PROVIDED DATA: Begin
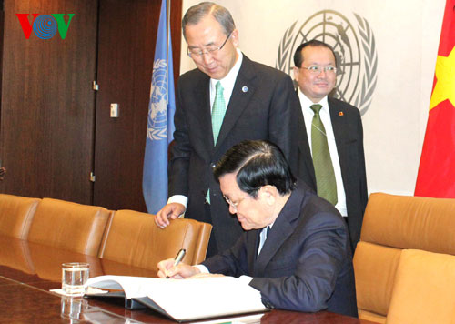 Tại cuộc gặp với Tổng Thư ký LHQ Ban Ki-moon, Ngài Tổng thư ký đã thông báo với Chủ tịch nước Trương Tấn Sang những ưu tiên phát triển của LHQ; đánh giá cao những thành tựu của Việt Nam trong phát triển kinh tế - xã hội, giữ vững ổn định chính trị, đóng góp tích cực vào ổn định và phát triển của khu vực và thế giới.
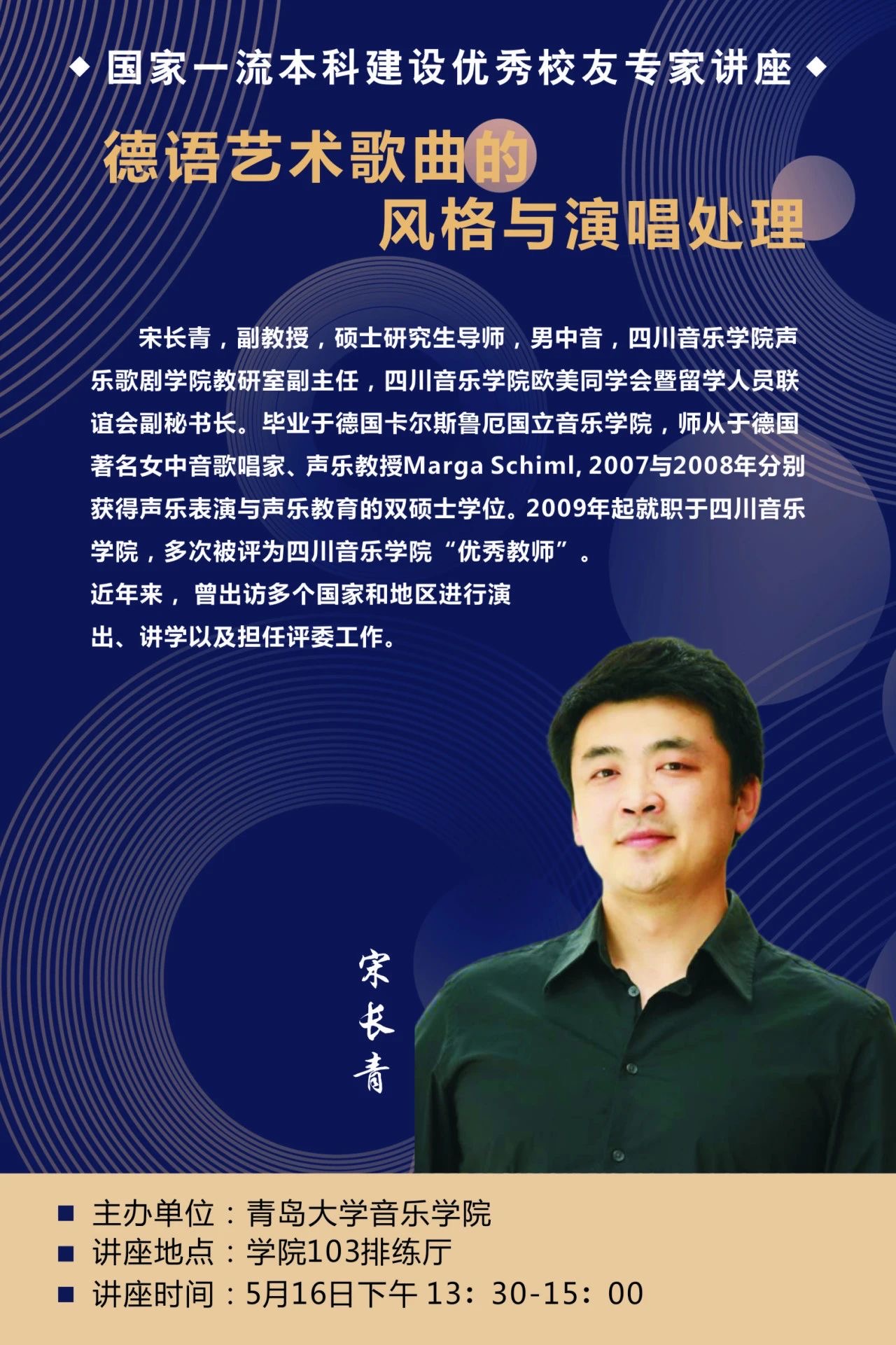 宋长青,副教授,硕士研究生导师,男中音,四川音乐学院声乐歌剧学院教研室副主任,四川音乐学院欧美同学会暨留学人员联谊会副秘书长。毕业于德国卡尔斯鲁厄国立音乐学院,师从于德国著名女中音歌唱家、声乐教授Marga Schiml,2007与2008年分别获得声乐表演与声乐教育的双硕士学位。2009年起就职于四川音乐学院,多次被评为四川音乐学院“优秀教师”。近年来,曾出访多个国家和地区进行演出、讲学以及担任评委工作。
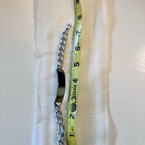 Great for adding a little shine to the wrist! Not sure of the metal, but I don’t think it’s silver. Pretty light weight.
PROVIDED DATA: End
PROVIDED DATA: Begin
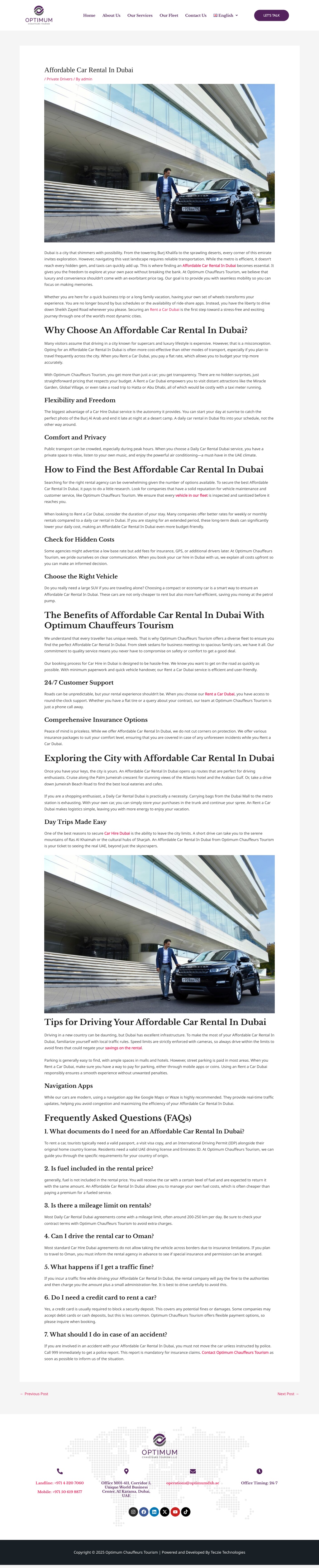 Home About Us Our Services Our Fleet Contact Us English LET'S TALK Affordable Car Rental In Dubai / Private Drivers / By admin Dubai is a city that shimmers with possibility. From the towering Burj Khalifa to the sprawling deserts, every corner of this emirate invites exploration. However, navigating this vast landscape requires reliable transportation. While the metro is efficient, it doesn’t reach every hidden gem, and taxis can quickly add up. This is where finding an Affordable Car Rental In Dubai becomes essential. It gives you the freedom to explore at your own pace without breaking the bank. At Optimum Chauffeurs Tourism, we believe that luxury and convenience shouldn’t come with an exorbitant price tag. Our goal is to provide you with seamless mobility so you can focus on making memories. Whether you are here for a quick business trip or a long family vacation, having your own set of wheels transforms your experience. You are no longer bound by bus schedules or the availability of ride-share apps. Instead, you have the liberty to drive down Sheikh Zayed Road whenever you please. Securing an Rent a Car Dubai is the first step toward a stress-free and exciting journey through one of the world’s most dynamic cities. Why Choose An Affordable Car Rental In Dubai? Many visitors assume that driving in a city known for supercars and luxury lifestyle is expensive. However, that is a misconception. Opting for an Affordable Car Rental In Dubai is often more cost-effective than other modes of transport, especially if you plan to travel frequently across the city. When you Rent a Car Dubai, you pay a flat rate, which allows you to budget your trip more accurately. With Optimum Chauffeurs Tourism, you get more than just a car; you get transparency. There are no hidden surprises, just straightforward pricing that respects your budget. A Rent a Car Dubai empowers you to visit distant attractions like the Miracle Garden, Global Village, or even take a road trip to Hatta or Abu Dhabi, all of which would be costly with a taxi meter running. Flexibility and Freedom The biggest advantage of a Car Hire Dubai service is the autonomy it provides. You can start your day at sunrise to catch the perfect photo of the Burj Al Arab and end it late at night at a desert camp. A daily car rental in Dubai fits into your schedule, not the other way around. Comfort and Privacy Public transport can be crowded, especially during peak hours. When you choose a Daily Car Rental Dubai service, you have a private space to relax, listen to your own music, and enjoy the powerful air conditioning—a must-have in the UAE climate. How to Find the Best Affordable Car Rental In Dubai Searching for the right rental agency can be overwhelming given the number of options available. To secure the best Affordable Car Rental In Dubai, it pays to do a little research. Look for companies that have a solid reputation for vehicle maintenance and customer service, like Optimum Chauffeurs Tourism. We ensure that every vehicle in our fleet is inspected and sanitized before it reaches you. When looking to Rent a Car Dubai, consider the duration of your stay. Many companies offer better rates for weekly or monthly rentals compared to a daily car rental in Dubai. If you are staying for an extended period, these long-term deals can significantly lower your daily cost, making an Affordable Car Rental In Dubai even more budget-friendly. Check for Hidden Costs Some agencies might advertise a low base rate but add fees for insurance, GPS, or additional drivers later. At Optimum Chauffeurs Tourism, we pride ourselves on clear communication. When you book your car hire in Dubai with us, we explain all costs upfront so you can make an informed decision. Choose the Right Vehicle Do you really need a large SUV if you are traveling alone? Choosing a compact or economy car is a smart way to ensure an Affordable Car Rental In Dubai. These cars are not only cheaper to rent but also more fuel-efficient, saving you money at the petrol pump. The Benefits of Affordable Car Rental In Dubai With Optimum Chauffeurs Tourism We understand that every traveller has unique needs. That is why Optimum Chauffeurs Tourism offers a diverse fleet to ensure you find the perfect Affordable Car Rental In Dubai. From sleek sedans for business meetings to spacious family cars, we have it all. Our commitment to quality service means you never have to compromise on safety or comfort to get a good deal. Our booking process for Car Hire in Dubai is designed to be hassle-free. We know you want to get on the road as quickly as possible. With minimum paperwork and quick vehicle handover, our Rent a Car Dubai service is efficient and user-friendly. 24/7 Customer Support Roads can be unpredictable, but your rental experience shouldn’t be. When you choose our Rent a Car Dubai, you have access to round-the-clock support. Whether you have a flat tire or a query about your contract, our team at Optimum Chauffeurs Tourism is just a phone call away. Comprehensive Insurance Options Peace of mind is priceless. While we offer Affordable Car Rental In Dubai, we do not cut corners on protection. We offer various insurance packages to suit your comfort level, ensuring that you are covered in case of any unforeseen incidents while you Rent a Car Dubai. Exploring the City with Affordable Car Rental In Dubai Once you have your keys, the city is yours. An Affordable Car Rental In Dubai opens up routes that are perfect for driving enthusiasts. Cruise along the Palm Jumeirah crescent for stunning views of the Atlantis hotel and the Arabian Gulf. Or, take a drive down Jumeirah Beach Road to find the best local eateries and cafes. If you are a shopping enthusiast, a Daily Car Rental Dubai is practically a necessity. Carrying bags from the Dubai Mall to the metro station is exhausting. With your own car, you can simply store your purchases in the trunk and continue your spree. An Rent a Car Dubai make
PROVIDED DATA: End
TASK PROMPT: Give again the stretch of the entries above that begins at the line with "Tại cuộc gặp" and ends at the line with "Great for adding", word for word, with no pictures.

REPLY TO THE EXERCISE:
 Tại cuộc gặp với Tổng Thư ký LHQ Ban Ki-moon, Ngài Tổng thư ký đã thông báo với Chủ tịch nước Trương Tấn Sang những ưu tiên phát triển của LHQ; đánh giá cao những thành tựu của Việt Nam trong phát triển kinh tế - xã hội, giữ vững ổn định chính trị, đóng góp tích cực vào ổn định và phát triển của khu vực và thế giới.
 宋长青,副教授,硕士研究生导师,男中音,四川音乐学院声乐歌剧学院教研室副主任,四川音乐学院欧美同学会暨留学人员联谊会副秘书长。毕业于德国卡尔斯鲁厄国立音乐学院,师从于德国著名女中音歌唱家、声乐教授Marga Schiml,2007与2008年分别获得声乐表演与声乐教育的双硕士学位。2009年起就职于四川音乐学院,多次被评为四川音乐学院“优秀教师”。近年来,曾出访多个国家和地区进行演出、讲学以及担任评委工作。
 Great for adding a little shine to the wrist! Not sure of the metal, but I don’t think it’s silver. Pretty light weight.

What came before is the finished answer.